* _TASK_
Below is a listing; retype exactly the line with "かわいい水玉のデザイン、少し変わった形の湯呑みです。" and every line after it through the end, and only those, leaving out the pictures.

* _DATA TO EXAMINE_
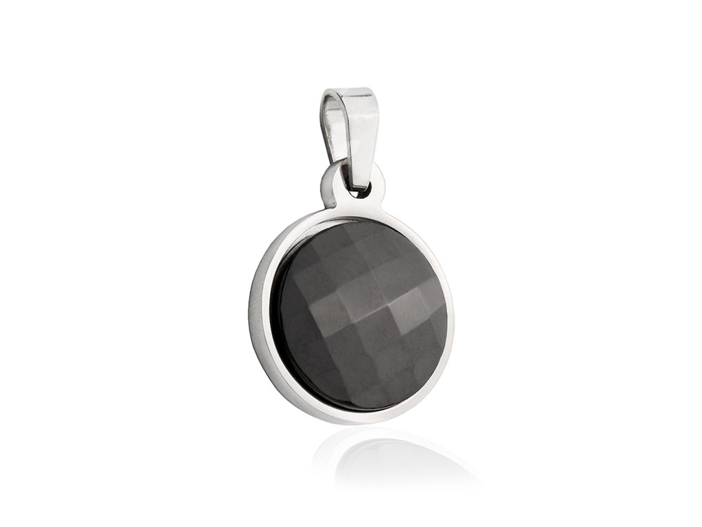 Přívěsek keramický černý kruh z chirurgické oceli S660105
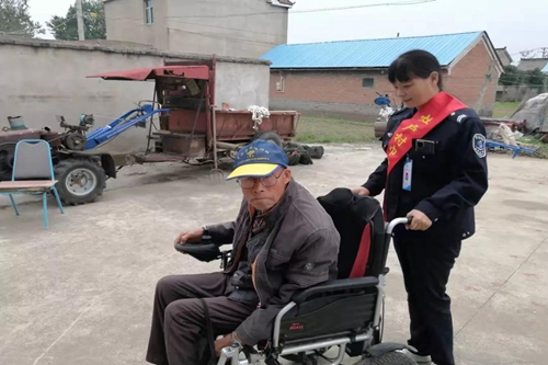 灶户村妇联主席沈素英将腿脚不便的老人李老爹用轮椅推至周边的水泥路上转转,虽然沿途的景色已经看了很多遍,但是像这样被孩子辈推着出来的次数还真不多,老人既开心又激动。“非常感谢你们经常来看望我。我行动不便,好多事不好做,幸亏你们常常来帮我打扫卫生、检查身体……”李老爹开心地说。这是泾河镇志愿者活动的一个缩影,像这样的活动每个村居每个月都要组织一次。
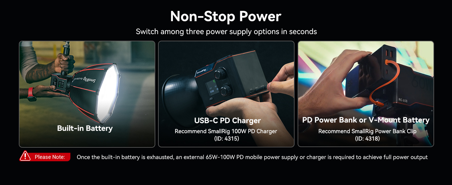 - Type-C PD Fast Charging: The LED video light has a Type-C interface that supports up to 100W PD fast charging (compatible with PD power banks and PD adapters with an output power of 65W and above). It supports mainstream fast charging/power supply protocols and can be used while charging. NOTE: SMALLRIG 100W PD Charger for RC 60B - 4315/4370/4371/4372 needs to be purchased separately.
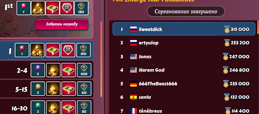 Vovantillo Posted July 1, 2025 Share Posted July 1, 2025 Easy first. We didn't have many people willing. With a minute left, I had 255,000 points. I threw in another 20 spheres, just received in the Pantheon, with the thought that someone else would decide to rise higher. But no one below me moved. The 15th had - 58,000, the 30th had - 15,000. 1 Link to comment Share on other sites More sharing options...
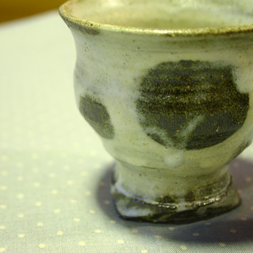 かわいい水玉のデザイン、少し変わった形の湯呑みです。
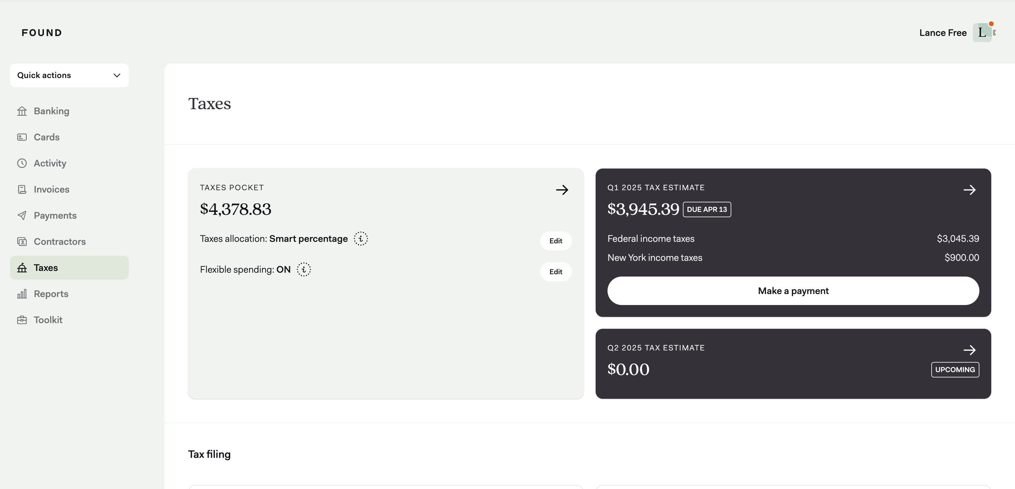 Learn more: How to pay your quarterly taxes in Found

* _OUTPUT OF THE EXERCISE_
 かわいい水玉のデザイン、少し変わった形の湯呑みです。
 Learn more: How to pay your quarterly taxes in Found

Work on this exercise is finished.